Time series for Canada, Singapore, the United Kingdom and the United States is available starting from the year 2012 while information on online job postings for Belgium, France, Germany, Italy and the Netherlands starts in 2018 up to recent months of 2022. This report analyses the evolution of job postings also during the recent COVID-19 pandemic. Results, therefore, capture the significant drop in economic activity and the associated labour market disruptions starting in early 2020 when virtually all countries put in place severe measures to control the spread of the Sars-Cov-19 virus.

The information contained in online job postings is extremely rich and large. The database used in this paper spans several gigabytes of data and sums up to millions of keywords collected from job postings in different countries and over time. In addition to its size, the information contained in online job postings differs from most traditional labour market statistics (such as, for instance, labour force surveys) in that it contains information in the form of text rather than numbers and figures. Differently from standard quantitative data, text bears “semantic meaning” which can be multifaceted and ambiguous but it can also convey a far greater amount of information than just numbers and figures.

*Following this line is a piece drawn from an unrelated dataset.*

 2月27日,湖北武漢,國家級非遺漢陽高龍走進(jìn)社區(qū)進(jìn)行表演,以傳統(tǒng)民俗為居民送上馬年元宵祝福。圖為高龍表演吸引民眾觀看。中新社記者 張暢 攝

Recent advances in machine learning techniques led to the development of so-called language models which have the objective of understanding the complex relationships between words (their semantics) by deriving and interpreting the context those words appear in. Language models (and in particular Natural Language Processing- NLP- models) interpret text information by feeding it to machine learning algorithms that derive the logical rules to interpret the semantic context in which words appear. NLP and language models, used in the remainder of this paper, are therefore better suited for the analysis of text information than traditional statistics and, as such, they are used for the analysis of online job postings in the remainder of this report.

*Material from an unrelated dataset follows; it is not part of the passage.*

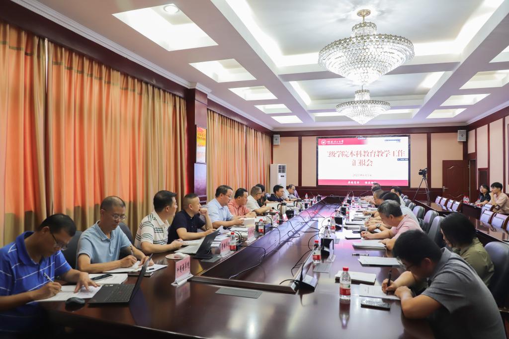 6月5日,beat365在屏风校区教八楼三楼会议室召开二级学院本科教育教学工作汇报会。学校校长王敦球、副校长王玫出席会议。党委委员、校长助理罗盛锋,各二级学院主要负责人参加会议。

In particular, the approach taken in this report leverages “Word2Vec”, a NLP algorithm developed by researchers in Google (Mikolov et al., 2013[8]). This algorithm functions by creating a mapping between the meaning (i.e. the semantics) of words contained in text and mathematical vectors, so-called “word vectors”. Put it differently, word vectors are the mathematical representation of the meaning of the words used in online job postings. Those vectors are plotted in a high-dimensional vector space (called “graph”) where words with similar meanings occupy close spatial positions in the vector space (see Annex 3.A).

Since word vectors3 occupy a specific place in the vector space, this makes it possible to calculate the distance (i.e. the cosine similarity) between those vectors and to rank the relationships between skills from the closest to the farthest from any given occupation. In other words, by estimating their semantic closeness, this approach allows to rank the similarities between every skill (word) vector relative to any given occupation vector.4

Skills that are more similar to a certain occupation are interpreted in this report as being more “relevant” to the occupation (see Annex 3.A). Using this approach is, therefore, possible to assess whether the skill “Excel” is more relevant to the occupation “Economist” or to “Painter”, based on the semantic closeness of these words’ meanings extrapolated from millions of job postings.

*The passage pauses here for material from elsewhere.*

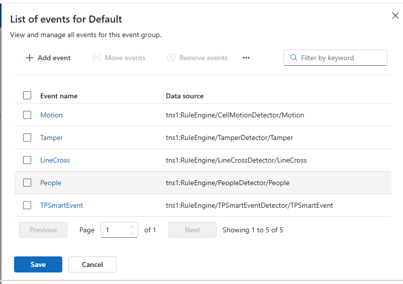 We do not need to add a separate event group to access the IP camera standard events as seen at the top of this post. The default event group covers them all.

In the remainder of this report, the matrix of skills-to-occupations relevance scores (the Semantic Skill Bundle Matrix, SSBM) is used to identify the occupations for which digital skills are particularly relevant as well as to assess the relationship between digital skills and occupations and the speed of diffusion of the demand for digital technologies and skills across labour markets. Technical details about the machine learning approach used are provided in Annex 3.A.

It is important to notice that this report focuses on a selection of digital occupations, skills and technologies. Those have been identified by OECD experts and researchers in the Randstad Research Institute. The list of digital occupations and skills has been drafted trying to strike a balance between the need to analyse the impact of the digitalisation in various parts of the labour markets and the need to have a focused and targeted analysis of the phenomena at hand. Next chapter lists and describes the occupations and skills analysed in this report and reasoning behind their selection for the report.

References

[11] Boleda, G. (2020), “Distributional Semantics and Linguistic Theory”, Annual Review of Linguistics, Vol. 6/1, pp. 213-234, https://doi.org/10.1146/annurev-linguistics-011619-030303.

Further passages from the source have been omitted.